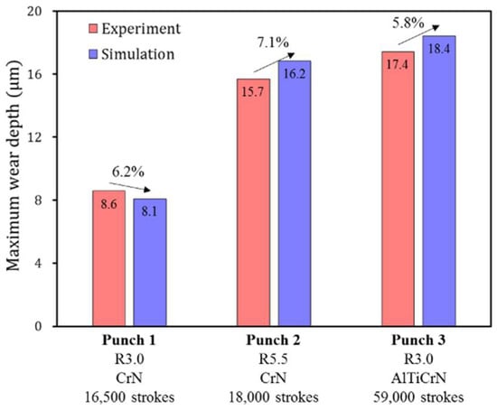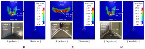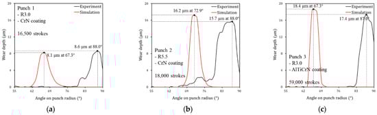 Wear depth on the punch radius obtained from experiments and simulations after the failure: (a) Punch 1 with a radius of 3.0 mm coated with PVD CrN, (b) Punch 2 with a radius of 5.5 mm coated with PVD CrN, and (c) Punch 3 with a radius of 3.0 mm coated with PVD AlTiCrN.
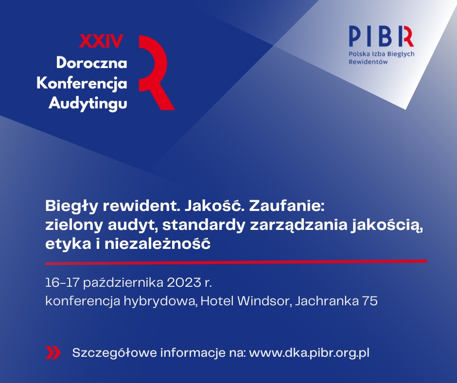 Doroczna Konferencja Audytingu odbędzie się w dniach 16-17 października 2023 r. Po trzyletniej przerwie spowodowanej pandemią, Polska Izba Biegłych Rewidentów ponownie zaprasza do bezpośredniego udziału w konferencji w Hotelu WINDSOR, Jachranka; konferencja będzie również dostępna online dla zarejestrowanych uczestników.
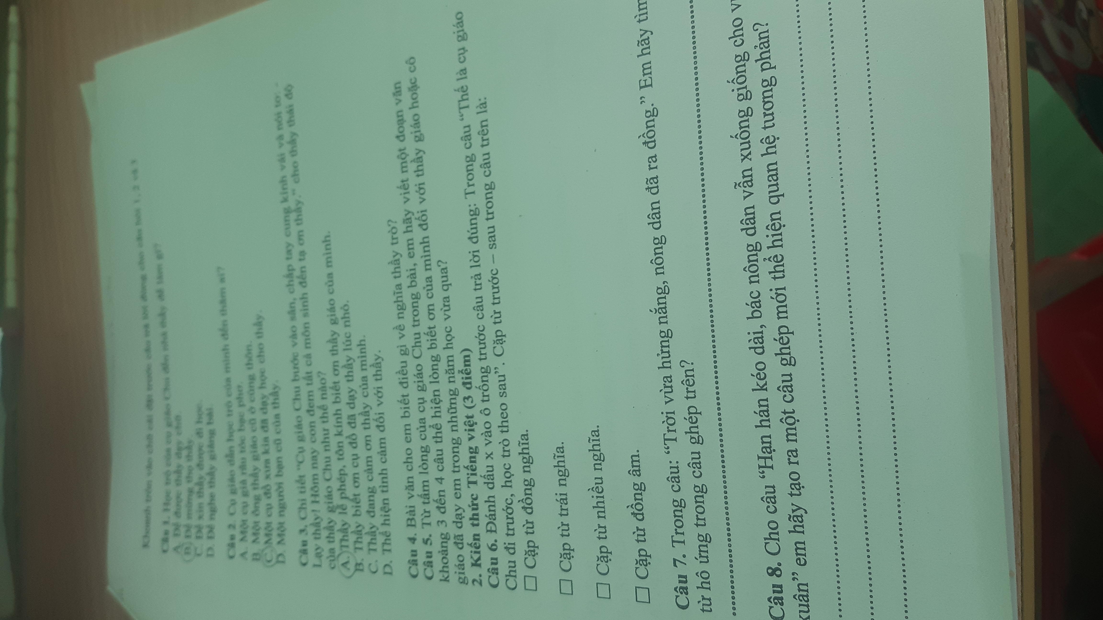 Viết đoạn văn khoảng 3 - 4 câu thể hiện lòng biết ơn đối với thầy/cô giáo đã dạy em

+===+

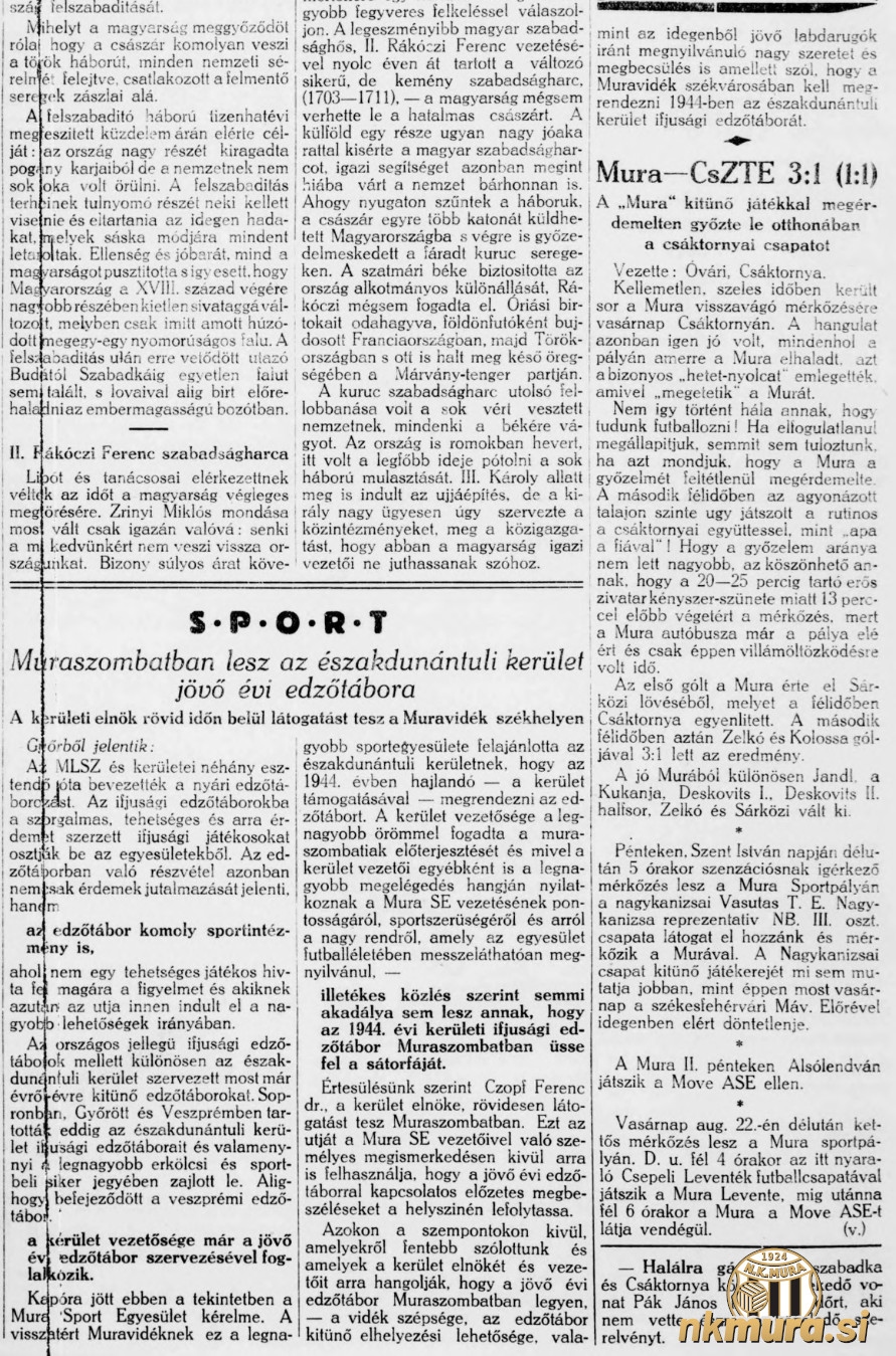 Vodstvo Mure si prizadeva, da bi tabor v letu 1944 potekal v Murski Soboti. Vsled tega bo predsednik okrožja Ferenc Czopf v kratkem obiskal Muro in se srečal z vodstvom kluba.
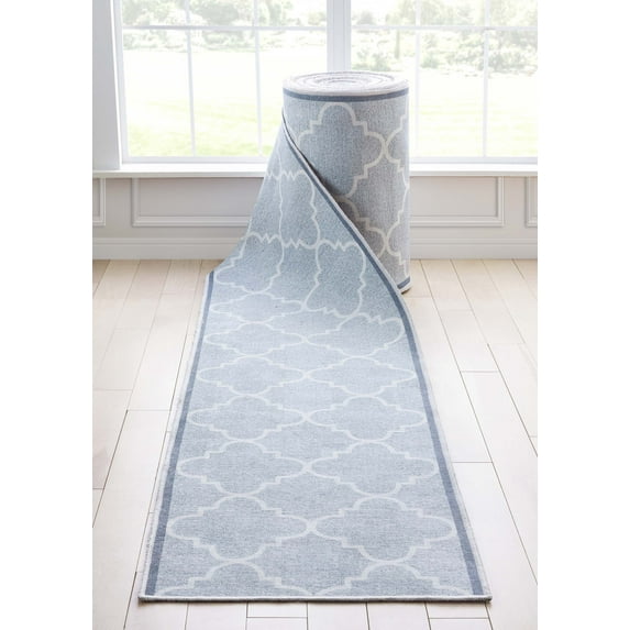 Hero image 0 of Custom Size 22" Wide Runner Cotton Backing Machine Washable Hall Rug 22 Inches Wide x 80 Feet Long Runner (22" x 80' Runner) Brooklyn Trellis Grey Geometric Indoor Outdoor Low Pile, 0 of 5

+===+

An exact copy of the lines above from the one with "Wear depth on" up to and including the one with "Doroczna Konferencja Audytingu" is required; reproduce only those lines, omitting all pictures.

§ Written solution:
 Wear depth on the punch radius obtained from experiments and simulations after the failure: (a) Punch 1 with a radius of 3.0 mm coated with PVD CrN, (b) Punch 2 with a radius of 5.5 mm coated with PVD CrN, and (c) Punch 3 with a radius of 3.0 mm coated with PVD AlTiCrN.
 Doroczna Konferencja Audytingu odbędzie się w dniach 16-17 października 2023 r. Po trzyletniej przerwie spowodowanej pandemią, Polska Izba Biegłych Rewidentów ponownie zaprasza do bezpośredniego udziału w konferencji w Hotelu WINDSOR, Jachranka; konferencja będzie również dostępna online dla zarejestrowanych uczestników.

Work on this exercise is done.